The Un-Common Snowdrop

Carolyn’s Shade Gardens is a retail nursery located in Bryn Mawr, PA, specializing in showy, colorful, and unusual plants for shade.  The only plants that we ship are snowdrops to the US only.  For catalogues and announcements of local events, please send your full name, mailing address, and cell number to and indicate whether you are mail order only.  Click here to get to the home page of our website for catalogues and information about our nursery and to subscribe to our blog.

Hybrid hellebore & G. 'Brenda Troyle'All snowdrops are great companions for hellebores.

Our current snowdrop catalogue is on line here.
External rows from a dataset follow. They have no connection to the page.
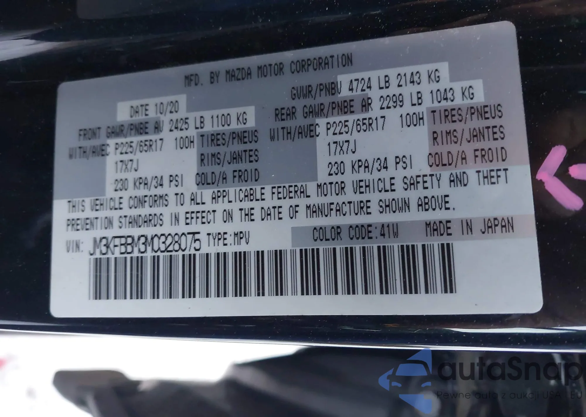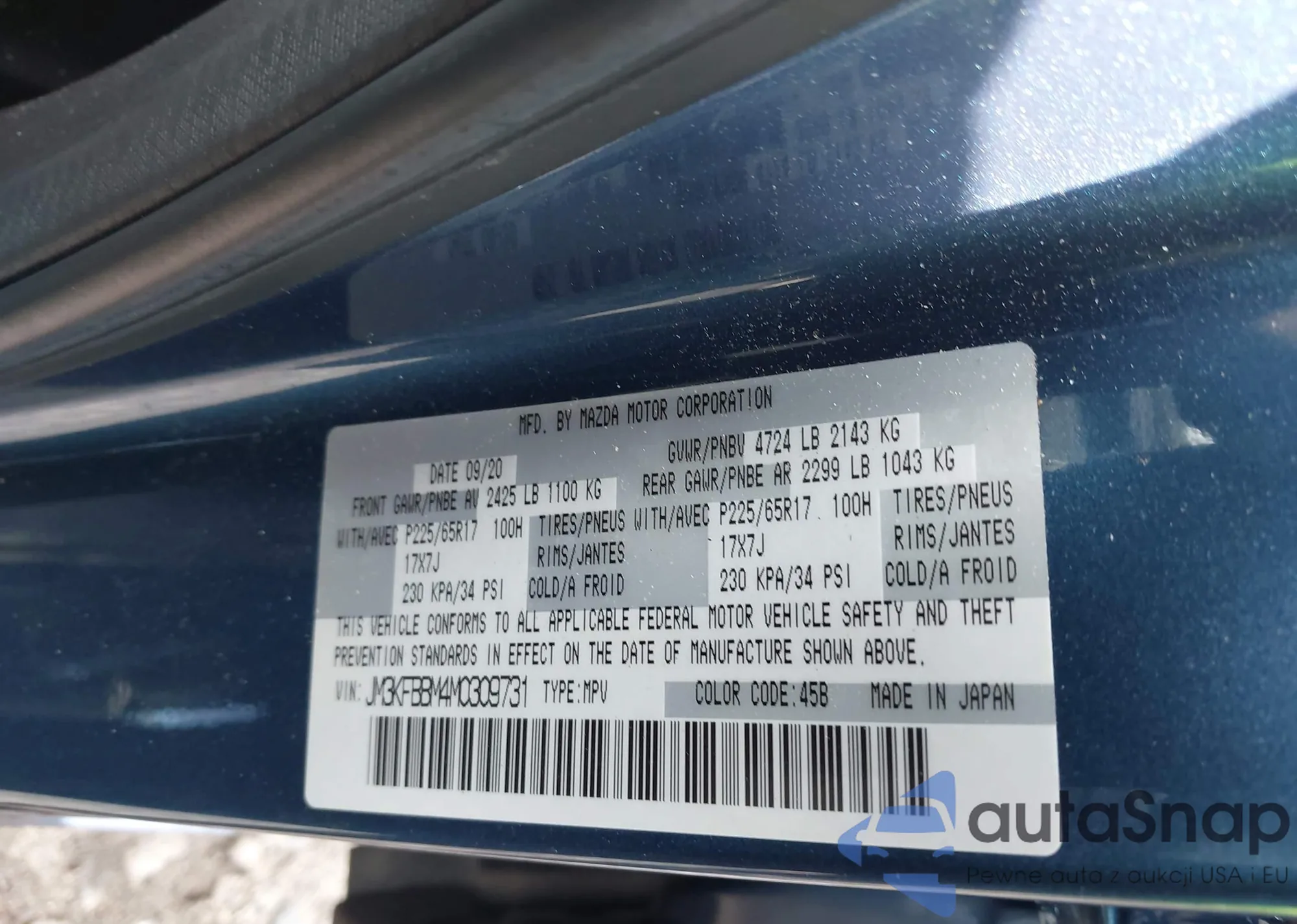 LOT: 43698896 VIN: JM3KFBBM4M0309731
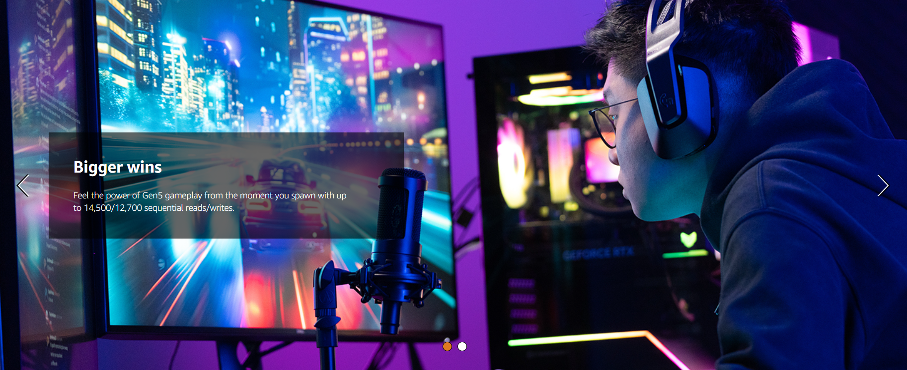 PCIe 5.0 效能:讀取速度高達 14,900 MB/s,寫入速度高達 13,800 MB/s,可加快遊戲載入速度、啟動速度和流暢的多工處理速度。
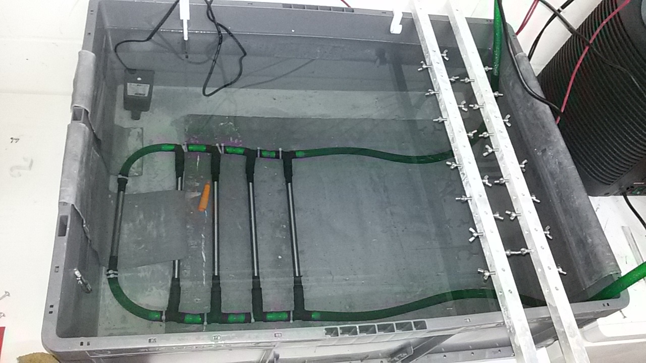 Die Titanrohre bleiben natürlich erhalten. Man nimmt anstatt einer Schlange aber einfach mehrere gerade Rohrstücke, die man dann jeweils über 8mm-Schlauchstückchen rechts und links an die T-Stücke anschließt. Und die T-Stücke rechts und links verbindet man wiederum senkrecht über 12mm-PVC-Schläuche untereinader und schließlich das eine Ende mit der Pumpe und das andere mit dem Bad. Insgesamt sieht das dann aus wie eine Art Heizkörper: die Rippen werden von den Titanrohren gebildet und die Verbindungen zwischen den Rippen von den T- und Schlauchstücken.
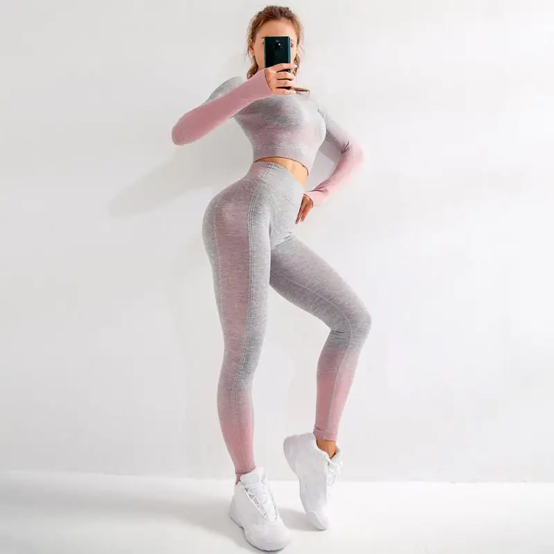 Комплект Для Йоги Женский бесшовный, Топ с длинным рукавом и высоко...
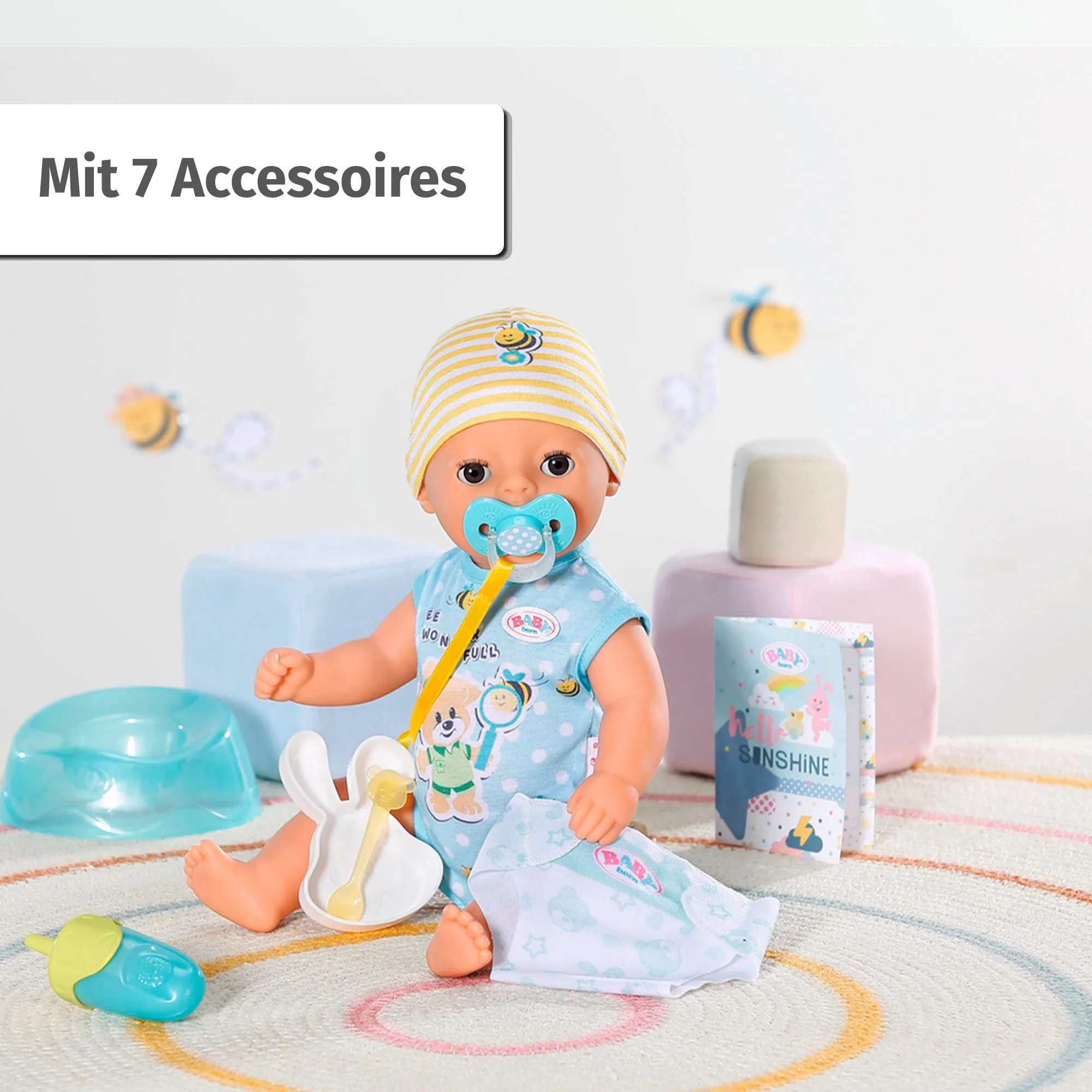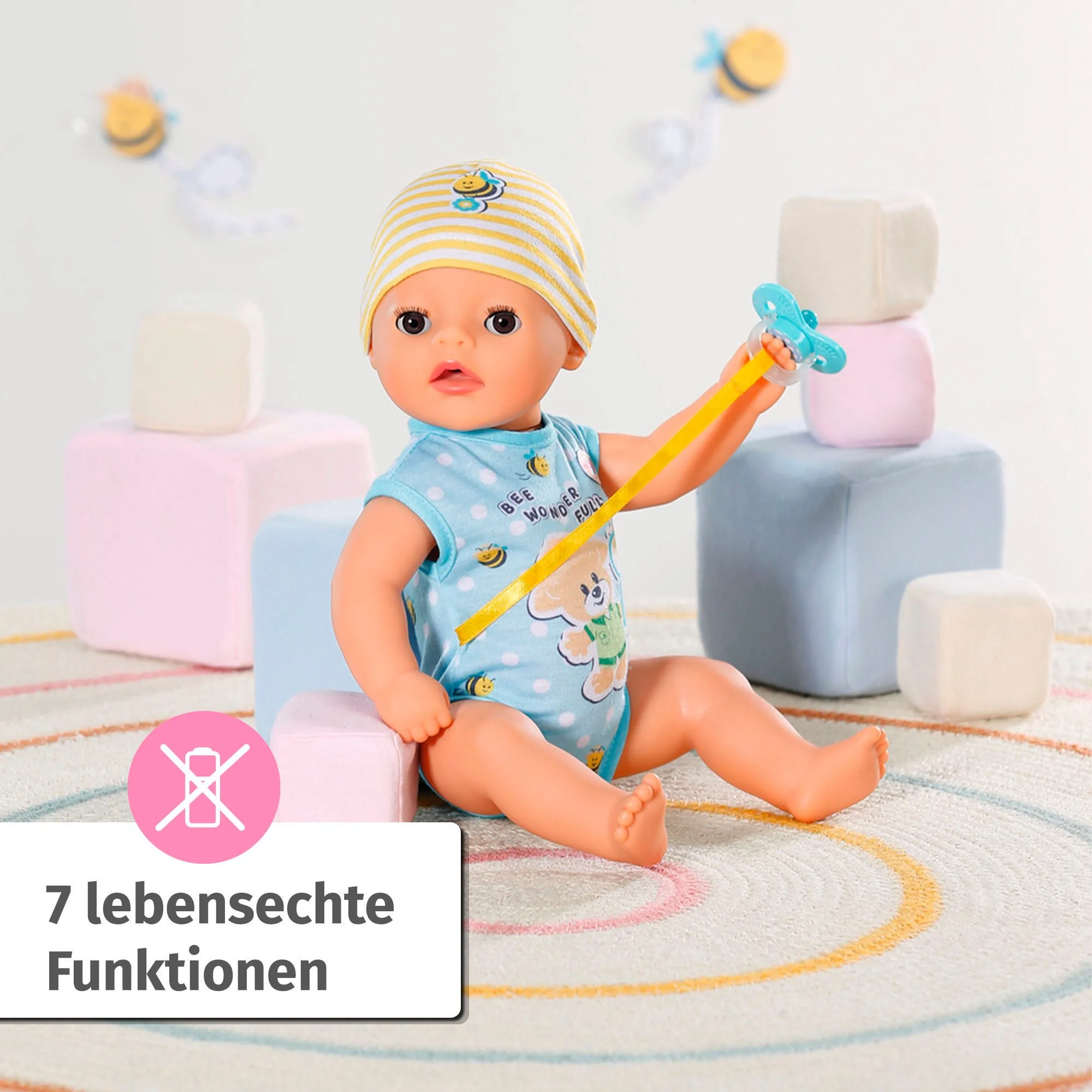 | Funktionen | Trinken · In die Windel machen · Aufs Töpfchen gehen · Schlafen · Augen öffnen & schließen per Magic-Schnuller · Bewegliche Arme & Beine · Baden möglich |
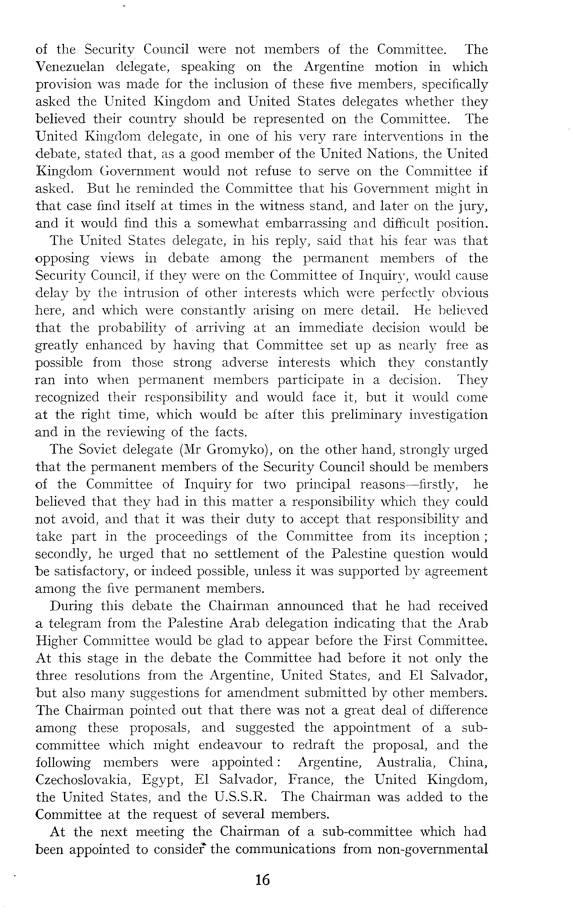 of the Security Council were not members of the Committee. The Venezuelan delegate, speaking on the Argentine motion in which provision was made for the inclusion of these five members, specifically asked the United Kingdom and United States delegates whether they believed their country should be represented on the Committee. The United Kingdom delegate, in one of his very rare interventions in the debate, stated that, as a good member of the United Nations, the United Kingdom Government would not refuse to serve on the Committee if asked. But he reminded the Committee that his Government might in that case find itself at .times in the witness stand, and later on the jury, and it would find this a somewhat embarrassing and difficult position. The United States delegate, in his reply, said that his fear was that opposing views in debate among the permanent members of the Security Council, if they were on the Committee of Inquiry, would cause delay by the intrusion of other interests which were, perfectly obvious here, and which were constantly arising on mere detail. He believed that the probability of arriving at an immediate decision would be greatly enhanced by having that Committee set up as nearly free as possible from those strong adverse interests which they constantly ran into when permanent members participate in a decision. They recognized their responsibility and would face it, but it would come at the right time, which would be after this preliminary investigation and in the reviewing of the facts. The Soviet delegate (Mr Gromyko), on the other hand, strongly urged that the permanent members of the Security Council should be members of the Committee of Inquiry for two principal reasons —firstly, he believed that they had in this matter a responsibility which they could not avoid, and that it was their duty to accept that responsibility and take part in the proceedings of the Committee from its inception ; secondly, he urged that no settlement of the Palestine question would be satisfactory, or indeed possible, unless it was supported by agreement among the five permanent members. During this debate the Chairman announced that he had received a telegram from the Palestine Arab delegation indicating that the Arab Higher Committee would be glad to appear before the First Committee. At this stage in the debate the Committee had before it not only the three resolutions from the Argentine, United States, and El Salvador, but also many suggestions for amendment submitted by other members. The Chairman pointed out that there was not a great deal of difference among these proposals, and suggested the appointment of a subcommittee which might endeavour to redraft the proposal, and the following members were appointed: Argentine, Australia, China, Czechoslovakia, Egypt, El Salvador, France, the United Kingdom, the United States, and the U.S.S.R. The Chairman was added to the Committee at the request of several members. At the next meeting the Chairman of a sub-committee which had been appointed to consider the communications from non-governmental
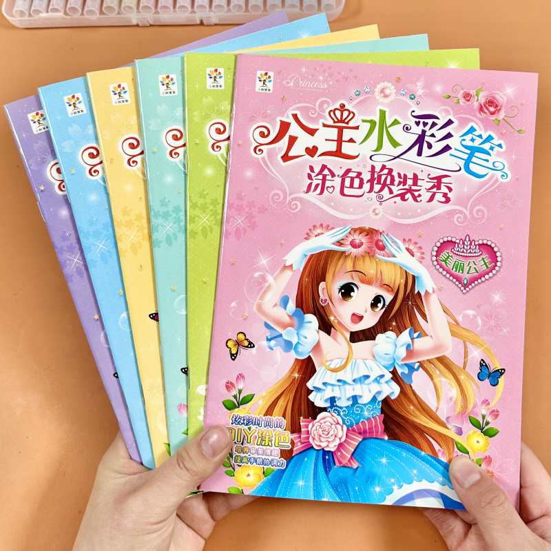 儿童公主涂色换装 秀女孩画画本绘画书水彩笔涂鸦填色绘本6册套装
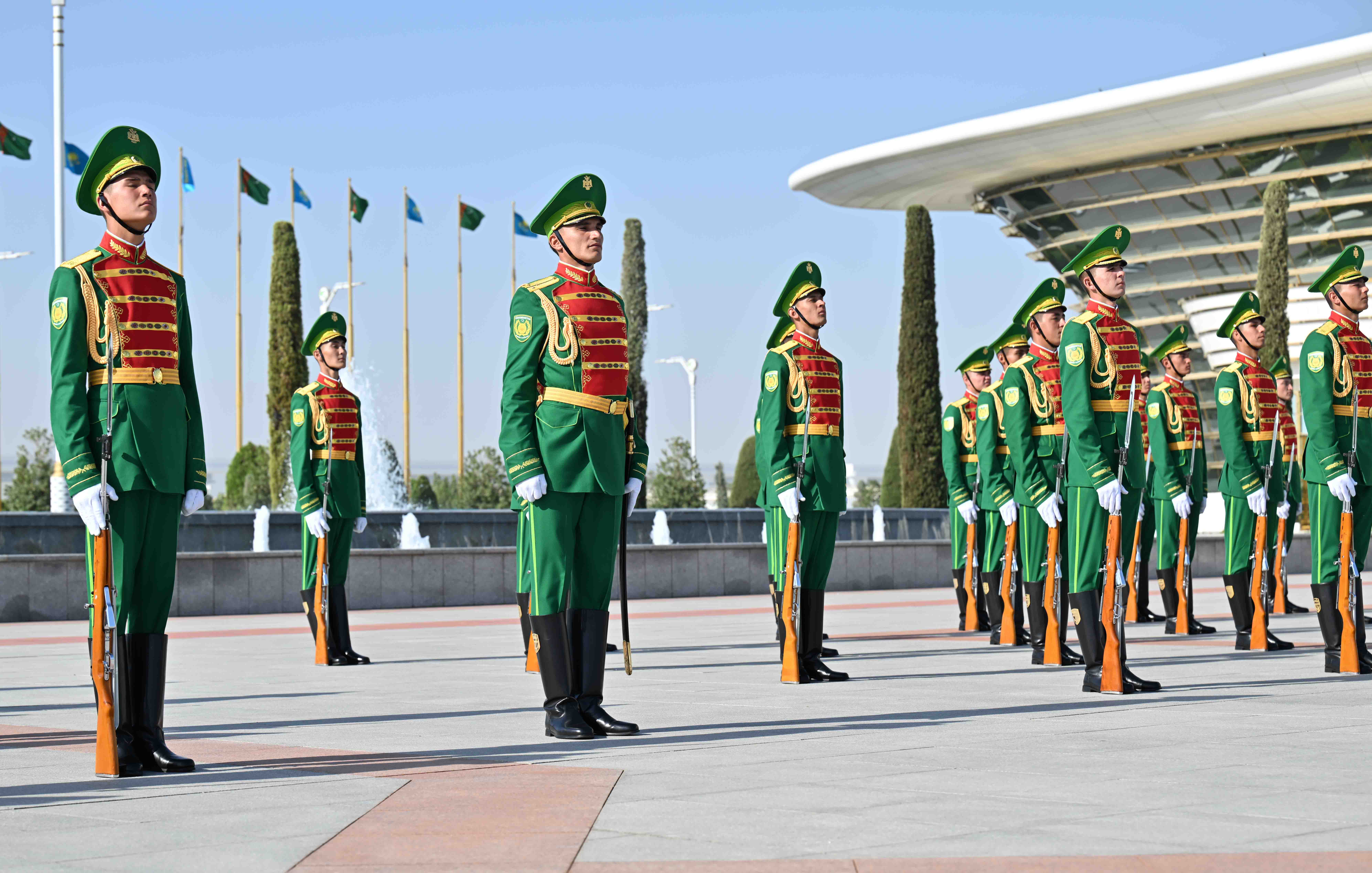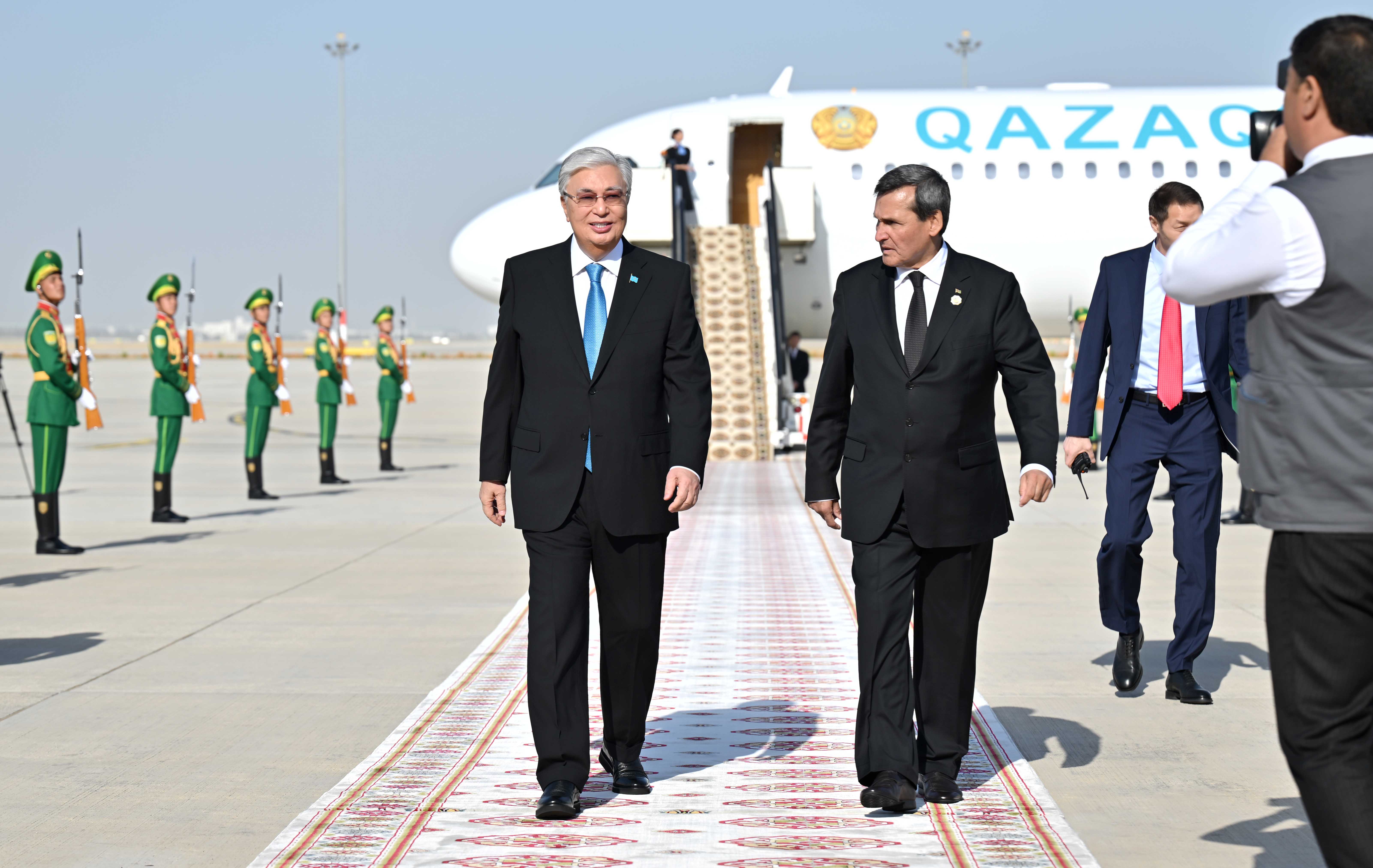 Национальный лидер туркменского народа лично встретил Касым-Жомарта Токаева в аэропорту Ашхабада. У трапа президентского борта была выстроена рота почетного караула, начальник которого отдал приветственный рапорт, затем прозвучали государственные гимны двух стран.
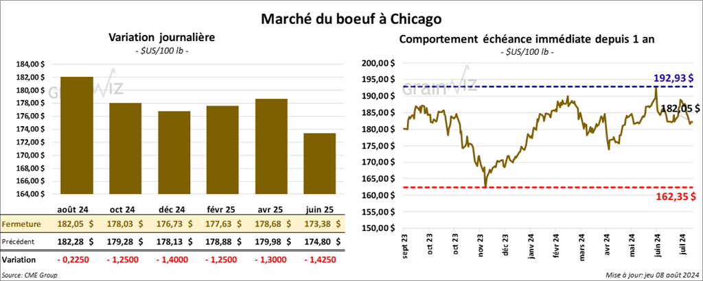 Le contrat de bœuf US août 24 a clôturé à 182,05 $ (- 23 cents). Celui oct. 24 a fermé à 178,03 $ (- 1,25 $). Celui déc. 24 a terminé à 176,73 $ (- 1,40 $). Quant au veau US, le contrat août 24 a fini à 242,38 $ (- 25 cents). Celui sept. 24 a clôturé à 237,43 $ (- 1,48 $). Celui oct. 24 a fermé à 236,00 $ (- 2,13 $).

I have written a lot of articles about snowdrops, covering among other topics their ornamental characteristics, fascinating history, the importance of provenance, and profiling many cultivars.  For links to all my previous snowdrop posts, click here.  I have never, however, talked in detail about any of the snowdrop species from which cultivated snowdrops, now numbering over 1,000, have been selected.  I hope this post will be the first in a series discussing each of the more important snowdrop species.

Much of the information in this post comes from Snowdrops: A Monograph of Cultivated Galanthus by Matt Bishop et al. (Griffin Press 2006) which is absolutely indispensable if you are researching or collecting snowdrops.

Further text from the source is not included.